WORK ITEM: Copy nothing but the lines below running from the line containing "จุดที่ 1 สถานที่ผลิต" through the line containing "Zelený čaj s", both end lines included.

DATASET EXTRACT:
• • • •

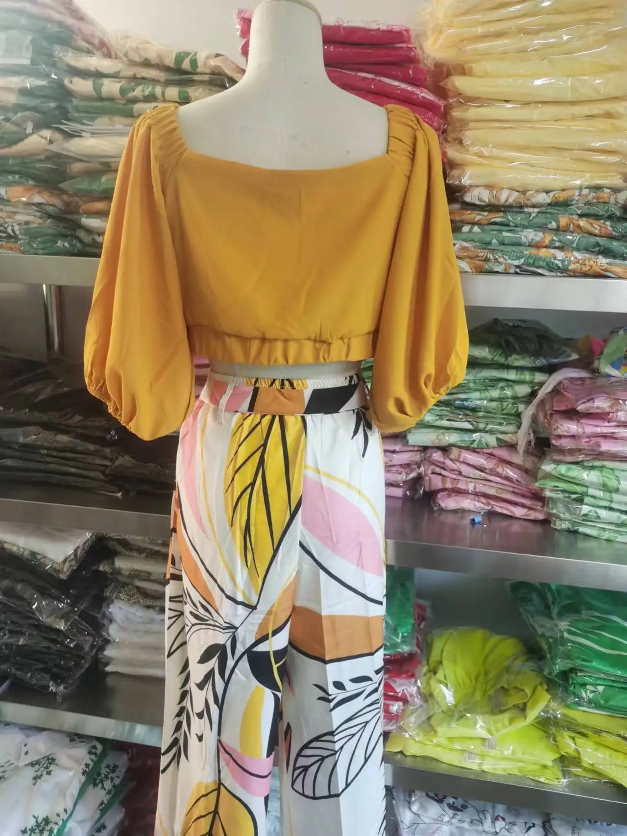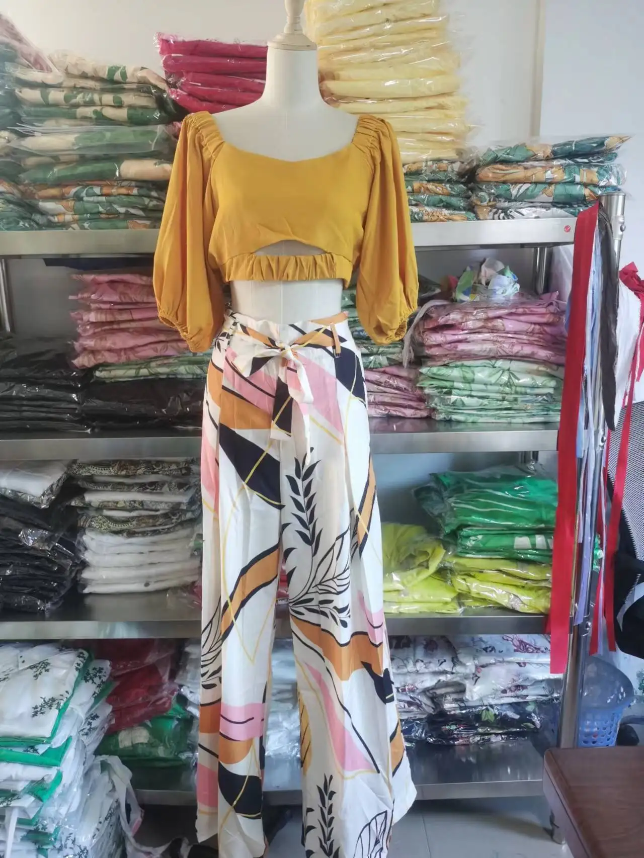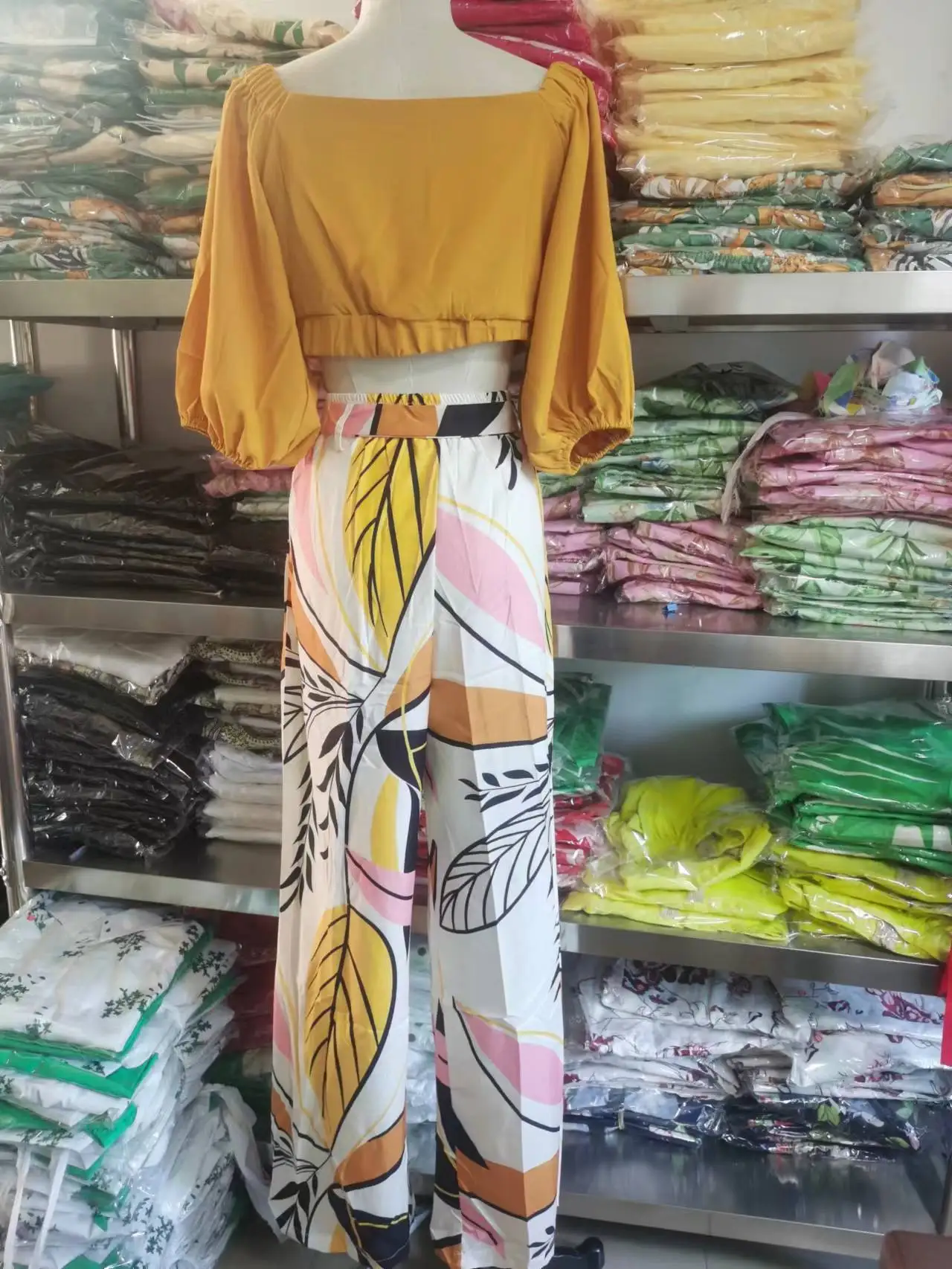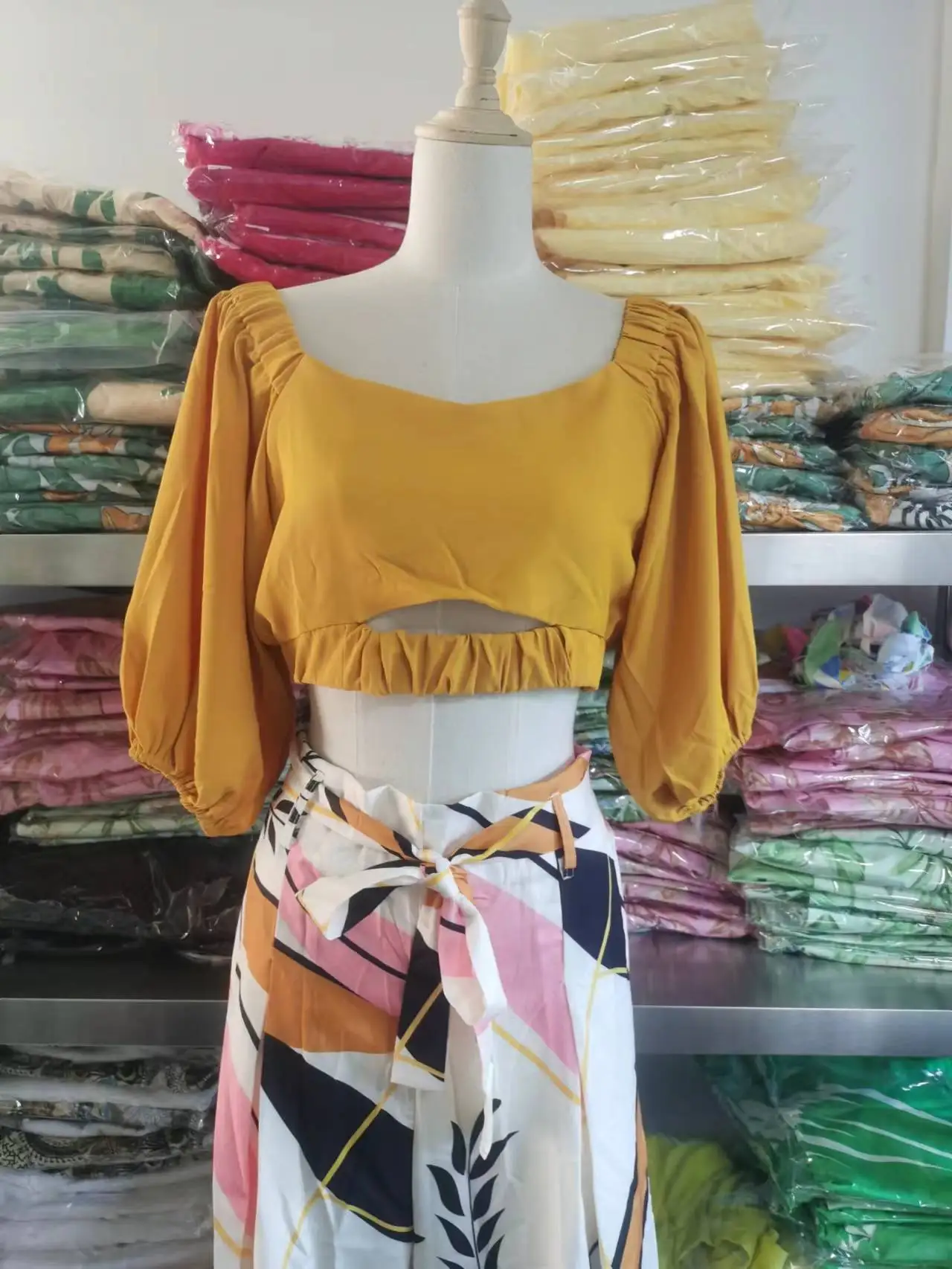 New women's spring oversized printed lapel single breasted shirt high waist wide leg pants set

• • • •

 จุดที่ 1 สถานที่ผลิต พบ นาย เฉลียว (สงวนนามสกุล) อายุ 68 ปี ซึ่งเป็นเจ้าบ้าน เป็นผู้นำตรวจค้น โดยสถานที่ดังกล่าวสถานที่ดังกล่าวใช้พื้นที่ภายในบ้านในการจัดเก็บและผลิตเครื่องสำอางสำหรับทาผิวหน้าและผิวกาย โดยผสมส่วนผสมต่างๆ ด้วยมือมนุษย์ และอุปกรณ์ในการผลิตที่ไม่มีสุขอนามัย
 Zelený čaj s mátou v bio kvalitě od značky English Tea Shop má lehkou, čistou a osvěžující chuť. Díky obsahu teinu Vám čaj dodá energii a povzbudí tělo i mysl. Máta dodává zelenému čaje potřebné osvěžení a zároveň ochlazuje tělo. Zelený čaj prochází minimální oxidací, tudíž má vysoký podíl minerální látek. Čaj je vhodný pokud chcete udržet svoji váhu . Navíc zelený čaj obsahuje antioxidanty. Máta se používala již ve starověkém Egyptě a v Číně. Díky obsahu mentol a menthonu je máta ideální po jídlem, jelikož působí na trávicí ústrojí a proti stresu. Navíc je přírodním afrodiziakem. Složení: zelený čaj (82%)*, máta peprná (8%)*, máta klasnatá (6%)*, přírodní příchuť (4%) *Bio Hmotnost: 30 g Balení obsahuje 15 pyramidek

• • • •

SOLUTION FOR THIS PROBLEM:
 จุดที่ 1 สถานที่ผลิต พบ นาย เฉลียว (สงวนนามสกุล) อายุ 68 ปี ซึ่งเป็นเจ้าบ้าน เป็นผู้นำตรวจค้น โดยสถานที่ดังกล่าวสถานที่ดังกล่าวใช้พื้นที่ภายในบ้านในการจัดเก็บและผลิตเครื่องสำอางสำหรับทาผิวหน้าและผิวกาย โดยผสมส่วนผสมต่างๆ ด้วยมือมนุษย์ และอุปกรณ์ในการผลิตที่ไม่มีสุขอนามัย
 Zelený čaj s mátou v bio kvalitě od značky English Tea Shop má lehkou, čistou a osvěžující chuť. Díky obsahu teinu Vám čaj dodá energii a povzbudí tělo i mysl. Máta dodává zelenému čaje potřebné osvěžení a zároveň ochlazuje tělo. Zelený čaj prochází minimální oxidací, tudíž má vysoký podíl minerální látek. Čaj je vhodný pokud chcete udržet svoji váhu . Navíc zelený čaj obsahuje antioxidanty. Máta se používala již ve starověkém Egyptě a v Číně. Díky obsahu mentol a menthonu je máta ideální po jídlem, jelikož působí na trávicí ústrojí a proti stresu. Navíc je přírodním afrodiziakem. Složení: zelený čaj (82%)*, máta peprná (8%)*, máta klasnatá (6%)*, přírodní příchuť (4%) *Bio Hmotnost: 30 g Balení obsahuje 15 pyramidek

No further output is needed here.